Société

L’un des derniers maréchaux-ferrants d’Algérie lutte pour la survie du métier

Du feu, il sort entre deux tenailles un fer rougi qu’il martèle sur son enclume. Ancien champion de saut d’obstacles, Meddah Larbi est l’un des derniers maréchaux-ferrants d’Algérie, un métier et une passion qui lui font parcourir son pays pour “parer” et “ferrer” des chevaux qu’il dit “connaître sur le bout des sabots”.

Dans son atelier du Haras national de Chaouchaoua, à Tiaret, cet homme de 39 ans forge encore lui-même, à partir d’une bande de métal brut, des fers de toutes dimensions, perpétuant un art ancestral.

Mailloche, tricoises, brochoir, dégorgeoir, rogne-pied… Au mur, les outils les plus vieux ont l’âge du haras et de sa maréchalerie, ouverts en 1877 sous la colonisation française.
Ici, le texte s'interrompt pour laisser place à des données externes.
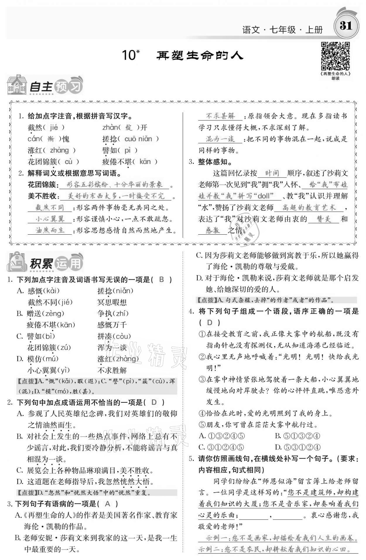 注:目前有些书本章节名称可能整理的还不是很完善,但都是按照顺序排列的,请同学们按照顺序仔细查找。练习册 2021年名校课堂内外七年级语文上册人教版黔东南专版 答案主要是用来给同学们做完题方便对答案用的,请勿直接抄袭。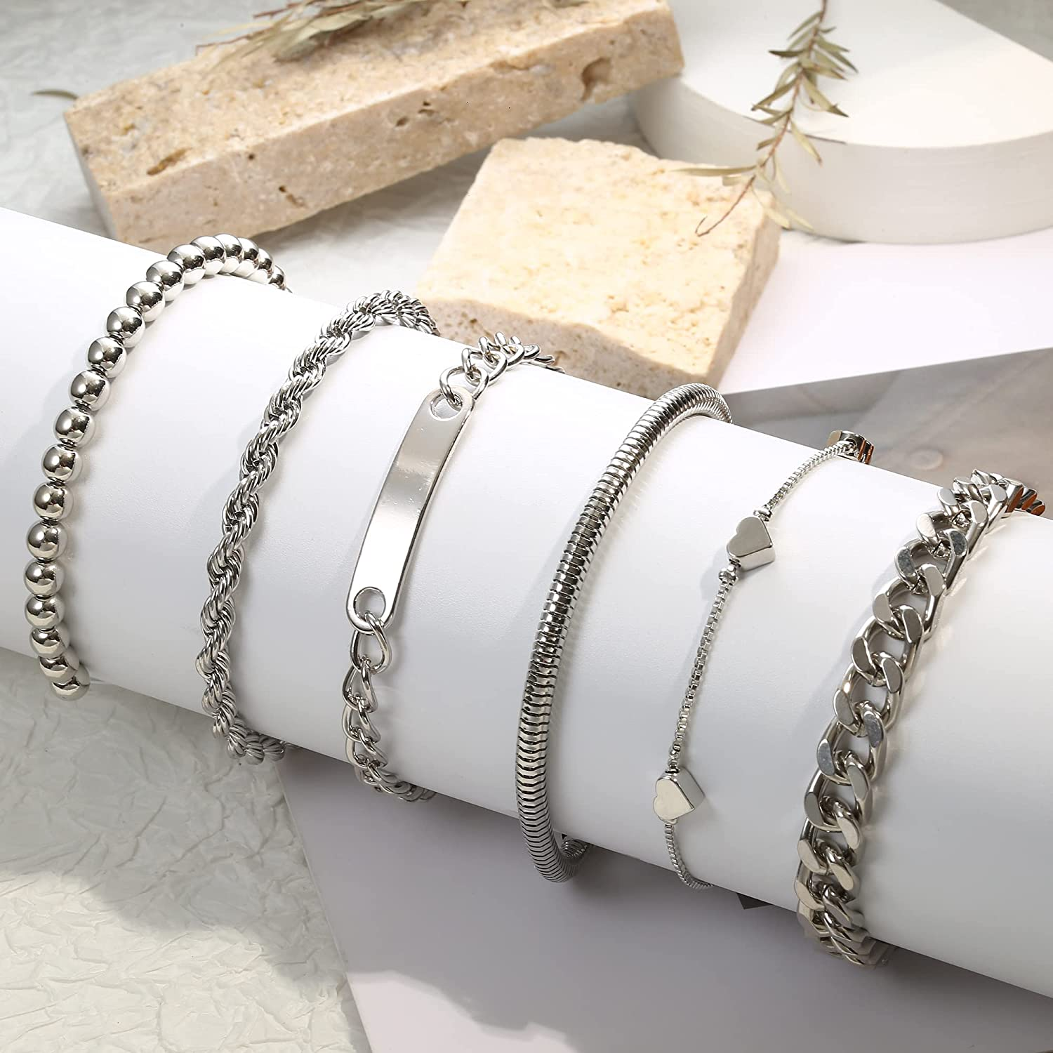 • ★Adjustable Size-Bracelets Size Is About 6.69"+2.75"Extension Chain; The Size Is Suitable For Most Women'S Wrists. If You Are Looking For Minimalist And High-Quality Jewelry Set, This Bracelet Set Is Essential For All Ages of People, It Will Make You Elegant And Sexy Every Moment.
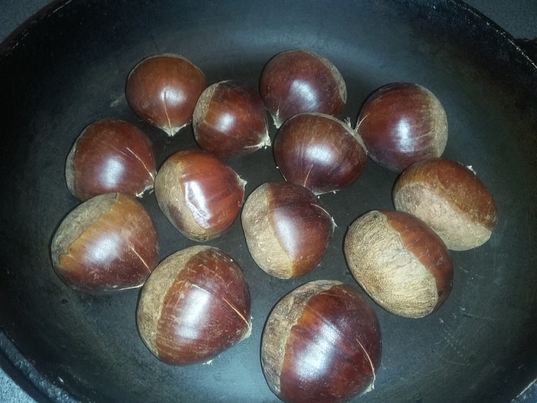 200 г каштанов крестообразно надрезать: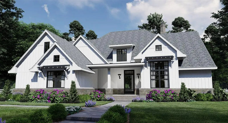 You'll love this chocolate-box, two-story house plan. The Pine Meadow farmhouse style home spans across2,100 square feet and boasts an impressiveshaded porch, soaring vaulted ceiling, and spectacular lanai with built-in grill.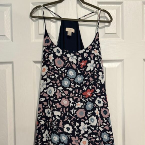 LOFT Floral Swing Dress XL Sleeveless Navy Curved Hem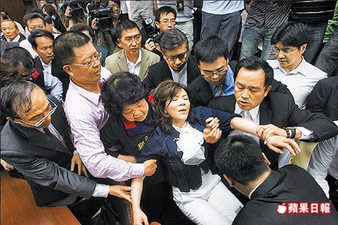 中國(guó)臺(tái)灣網(wǎng)5月19日消息 據(jù)臺(tái)灣TVBS電視臺(tái)報(bào)道,臺(tái)灣“立法院”一開(kāi)會(huì),就有議事人員逐字記錄民意代表發(fā)言和法案審理的情形。只是上個(gè)月連續(xù)2次,藍(lán)、綠雙方為了“陸生三法”大打出手,連記錄會(huì)議日程的議事小姐都無(wú)端受牽連。觀察這2次的“立院”議事記錄,意外發(fā)現(xiàn)打架現(xiàn)場(chǎng)全都沒(méi)有文字?jǐn)⑹,反而是?jiǎn)單地以“現(xiàn)場(chǎng)一片混亂”帶過(guò),重復(fù)4次,就直接紀(jì)錄“散會(huì)”了。

Certains ont peu ou pas changé depuis le Moyen Âge et l’apparition de ce métier il y a plus de mille ans.

La vocation de Meddah Larbi lui est venue à 16 ans. Cavalier, il se rend à cette maréchalerie de Chaouchaoua pour y faire ferrer son cheval. “À la vue d’un vieux monsieur maniant un fer au-dessus de la forge à charbon, d’où sortaient des flammes, j’ai eu le coup de foudre. J’ai su que c’était ce que je voulais faire”, raconte-t-il.

“Les chevaux dans la tête” et “rien d’autre”, il abandonne ses études au lycée pour devenir l’apprenti du vieux maréchal-ferrant de Chaouchaoua, dont il prend la suite après quatre ans de formation, à son départ en retraite.

Dix années durant, il continue d’enfiler alternativement la veste impeccable du cavalier de saut d’obstacles et le bleu de travail du maréchal-ferrant. “En Algérie, être cavalier est plus un hobby qu’un métier”, explique-t-il. “Il me fallait un métier pour vivre, avoir une assurance sociale” et “ce travail me permet de joindre l’utile à l’agréable.”

– “La meilleure symphonie” –

“Pour moi, la meilleure symphonie est celle du son du marteau sur le fer chaud”, dit-il.

Pas question d’arrêter de forger lui-même ses propres fers, art traditionnel des maréchaux-ferrants, dit Meddah Larbi, alors que de plus en plus propriétaires se tournent vers les fers “mécaniques”, fabriqués en série en usine et plus légers.

Salarié huit heures par jour à Chaouchaoua, Meddah Larbi passe son temps libre et ses weekends chez des clients privés disséminés à travers l’Algérie, à déferrer, “parer” (retirer le surplus de la corne qui constitue le sabot et aplanir sa surface inférieure pour que le cheval soit “d’aplomb”) et referrer leurs chevaux. L’ensemble du processus peut prendre jusqu’à quatre heures.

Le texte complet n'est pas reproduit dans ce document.